A network of pro-life organisations challenged the decision by the Superintendent of Public Health which, on the advice of the Medicines Authority, had allowed the morning-after pill to be put on the local market. The Network claimed that this medicinal product destroyed a fertilised egg and, therefore, was not allowed under our Criminal Code, which considers abortion to be a criminal offence.

The judgments made the law abiders impotent

We shall not enter into the merits of whether such claim is justified. The point is: does Life Network, as an NGO active in the pro-life field of action, have the right to institute such action? Applying the principles laid down in the Ramblers and Mallia judgments, the pro-life NGO certainly had sufficient interest to file a judicial review case against the competent authority.

The court preferred to deliver a preliminary judgment solely on this point and refused to hear evidence until this issue was settled. It took five solid years for the court to decide, in a preliminary procedural judgment, that Life Network did not enjoy legal standing to contest the validity of the public authorities’ actions.

Assuming, for the sake of argument, that the applicant association is right, this means the government is allowed to break the law with impunity, without any possibility of challenge or overview by the courts. For who would enjoy direct, actual, personal interest to challenge the law? The producers of the pill? The woman who takes it? Whom else? No one!

This judgment is a dangerous precedent for all NGOs which rarely have a direct personal interest in any matter that is the subject of judicial proceedings instituted by them. They usually have a moral, environmental, public-spirited, solidarity interest, or merely a civic one, to uphold the rule of law and see that it is not abused with total impunity: they do not, and cannot, have a direct, personal, actual one.

The access to a court is, therefore, blocked to NGOs whose aim it is to see that the authorities respect the laws of the land. These judgments have protected the right to break the law rather than those who want to control this abuse. They have made the law abiders impotent and granted immunity to real or potential lawbreakers.

All this is done in the name of an irrational misunderstanding of the very basics of law. To require a direct, personal and actual interest in a plaintiff proposing personal civil litigation makes very good sense in traditional private lawsuits.

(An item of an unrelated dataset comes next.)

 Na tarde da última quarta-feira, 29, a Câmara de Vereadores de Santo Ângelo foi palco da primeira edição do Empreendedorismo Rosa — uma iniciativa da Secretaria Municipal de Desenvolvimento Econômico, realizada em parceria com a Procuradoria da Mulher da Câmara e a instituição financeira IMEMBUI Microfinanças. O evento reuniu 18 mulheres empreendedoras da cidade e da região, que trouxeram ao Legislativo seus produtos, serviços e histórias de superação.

But, sadly and uncritically, some courts have exported wholesale and indiscriminately those concepts appropriate to private law to the realm of public law, where they do not belong and where they only destroy the very basis of legal protection of the community.

They are using the keys of one door to try to close another. It is like tackling a crisis in international law by applying the Civil Code on easements. It is indeed a sad day for the rule of law in Malta. The sooner the courts revert to the Ramblers and Mallia rulings, the better it is for the rule of law and all of us.

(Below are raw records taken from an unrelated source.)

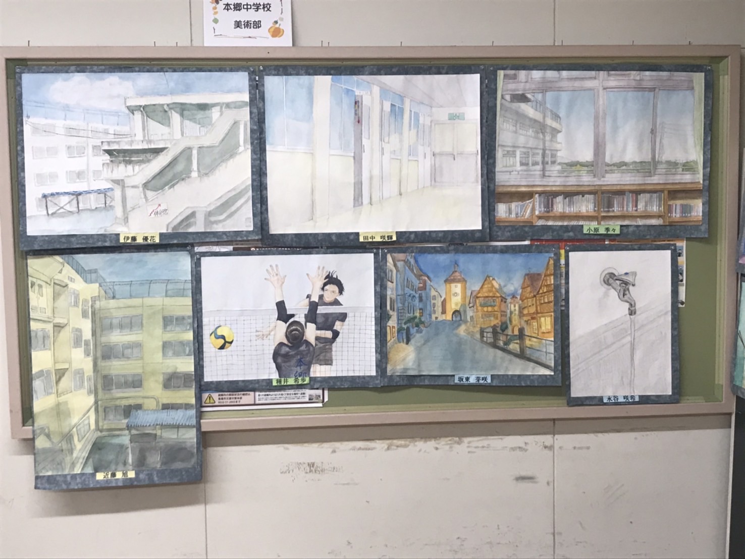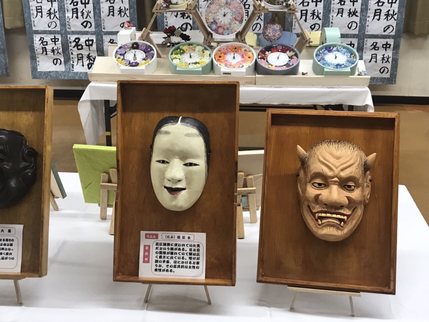 入り口付近の見事なお面に圧倒され入場すると、会場一帯に芦原小競書会の優秀作品や本郷中美術部の絵画が会場を包み、フロアーを見事な作品で埋め尽くされました。
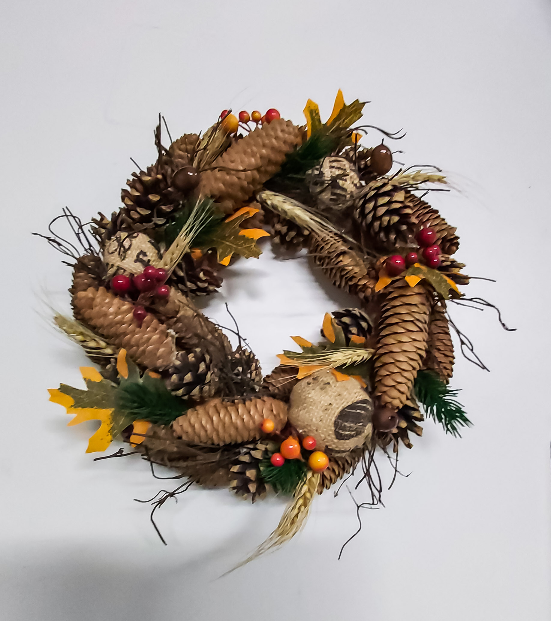 Syksyinen kranssi kävyillä ja marjoilla
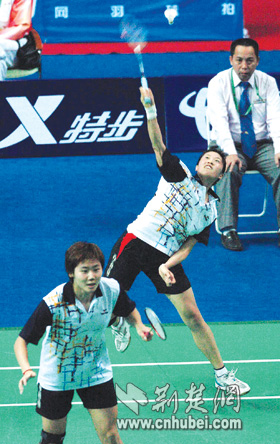 在江蘇昆山舉行的羽毛球女雙決賽中,湖北省的高崚/魏軼力面對(duì)雅典奧運(yùn)會(huì)冠軍組合———廣東的楊維/張潔雯,毫不手軟,以15:10、17:15直落兩局,爆了一個(gè)小小的冷門(mén),為湖北羽毛球隊(duì)奪得唯一一枚金牌。
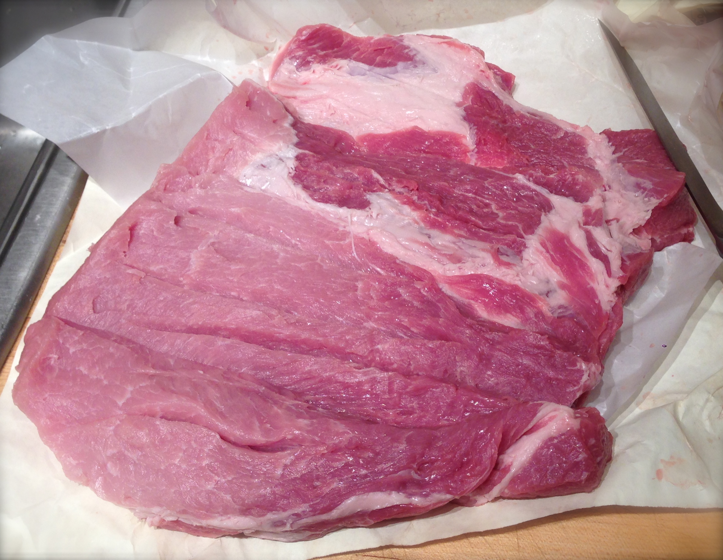 1-2 days in advance, prep the pork. Cut the meat open in a way that will allow you to stuff it and roll it back up. Even if you mess up a bit, don’t worry, it will still be good.

The judge-made doctrine of juridical interest may be given a new meaning by the courts once it was created and applied by them. The solution is not jettisoning the doctrine altogether but giving it a more liberal meaning in public law actions, disengaging such notion from the shackles of private-law restraints when it comes to deciding cases of judicial review of government actions.

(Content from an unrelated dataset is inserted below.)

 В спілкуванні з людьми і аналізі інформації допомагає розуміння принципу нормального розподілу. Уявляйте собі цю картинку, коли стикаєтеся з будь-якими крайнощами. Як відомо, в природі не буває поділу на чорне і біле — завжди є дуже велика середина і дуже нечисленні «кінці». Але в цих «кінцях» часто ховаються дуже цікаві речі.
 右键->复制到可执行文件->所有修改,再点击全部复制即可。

Indeed, in the case of actions contesting the validity of laws that apply to everybody (as different from a decision which applies only to a person or organisation), all citizens should have the right to institute such an action.

The sooner this is done, the better for the rule of law.

Kevin Aquilina is professor of law at the University of Malta. Austin Bencini is a constitutional lawyer. Giovanni Bonello is a former judge of the European Court of Human Rights. Tonio Borg is a former deputy prime minister and European commissioner.